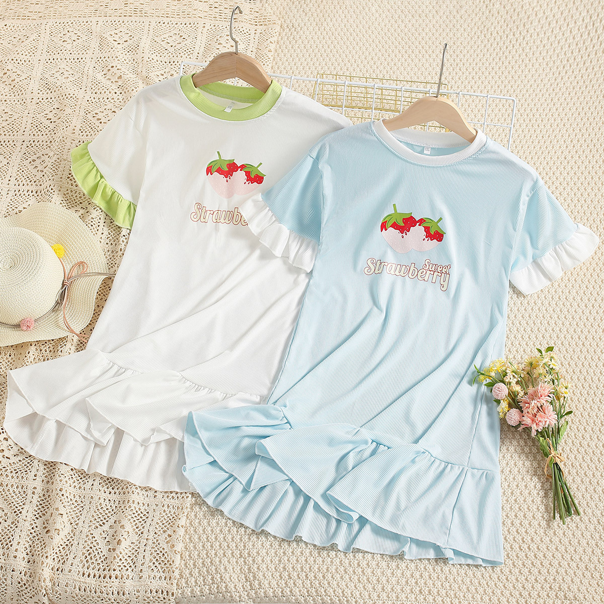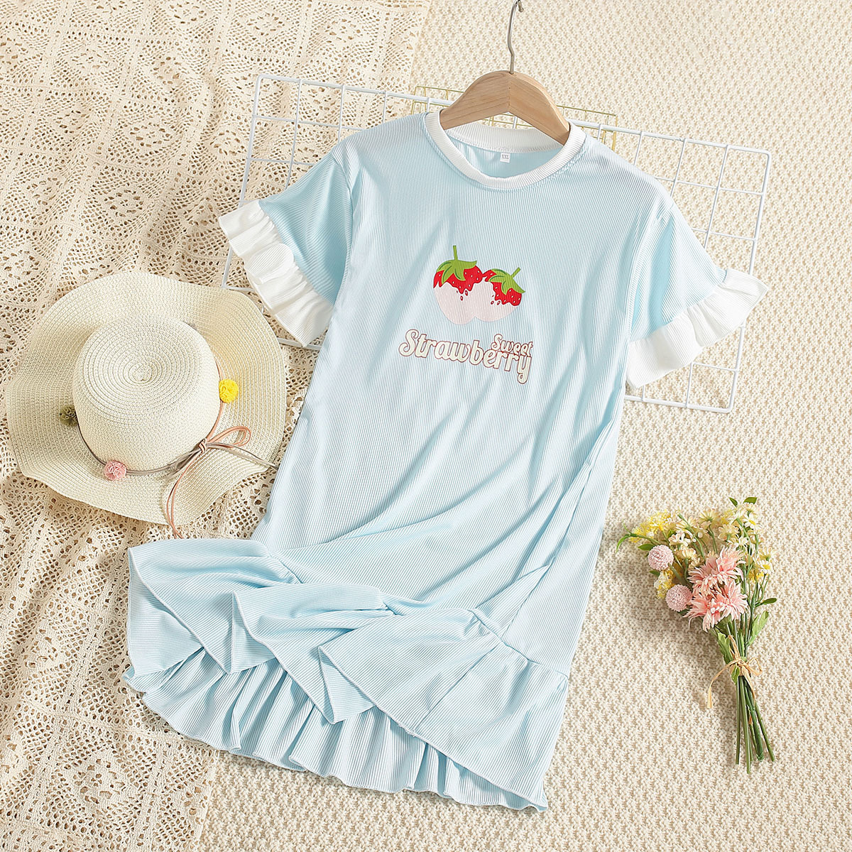 Girls Summer Thin Print Princess Loungewear Nightdress Wholesale
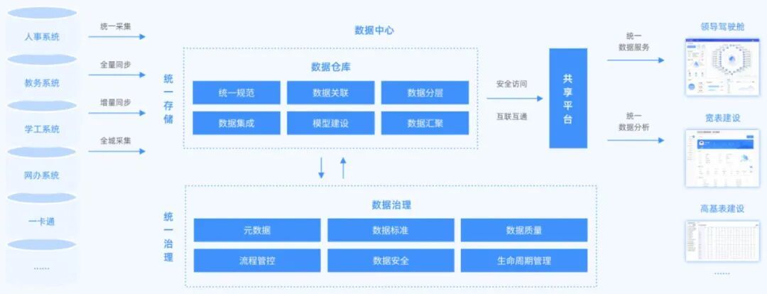 通过数据中心、数据治理、数据应用三大模块,实现高校各种业务数据、日志数据的统一管理、数据质量及价值的提升,打造数据共享、数据分析应用等能力,助力高校智慧校园建设。
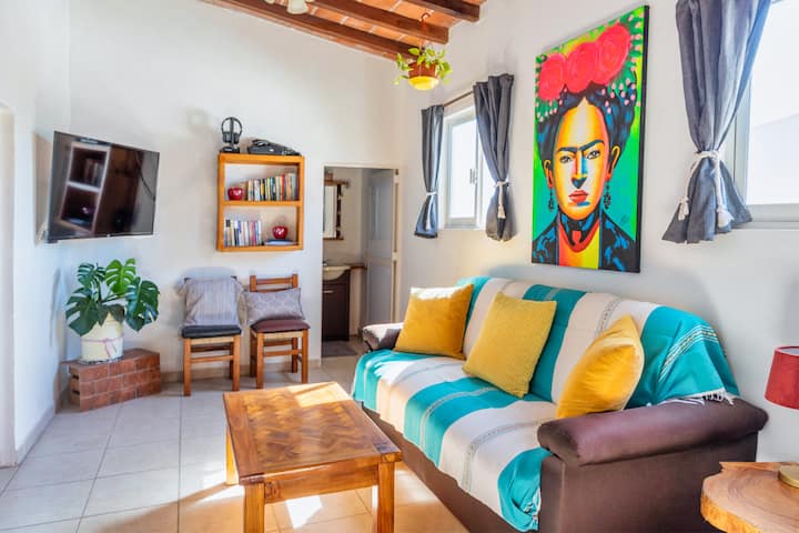 Montana Suite es la lujosa suite ático de 2 dormitorios en Suites de Mita-Boutique Hotel. Tiene una gran habitación colorida y espaciosa: un jardín interior, una sala de estar y una cocina de concepto abierto. Los dos dormitorios y la sala de juegos están contiguos, pero separados de la Gran Habitación. Los dos dormitorios tienen comodidad separada de aire acondicionado cuando es necesario. Esta suite tiene internet de fibra óptica 5G para un fácil trabajo remoto. La suite Montana colinda con las áreas de barbacoa/palapa del hotel para cocinar, disfrutar o ver en la palapa.
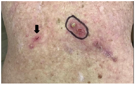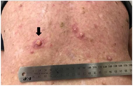 G. 24 days post RT - keratoacanthoma-type lesions were observed arising on the patients back within the treatment field.

_Assignment_. Repeat the listing above up to and including the line with "通过数据中心、数据治理、数据", starting from its first line. Drop any pictures.

_Response_.
 Girls Summer Thin Print Princess Loungewear Nightdress Wholesale
 通过数据中心、数据治理、数据应用三大模块,实现高校各种业务数据、日志数据的统一管理、数据质量及价值的提升,打造数据共享、数据分析应用等能力,助力高校智慧校园建设。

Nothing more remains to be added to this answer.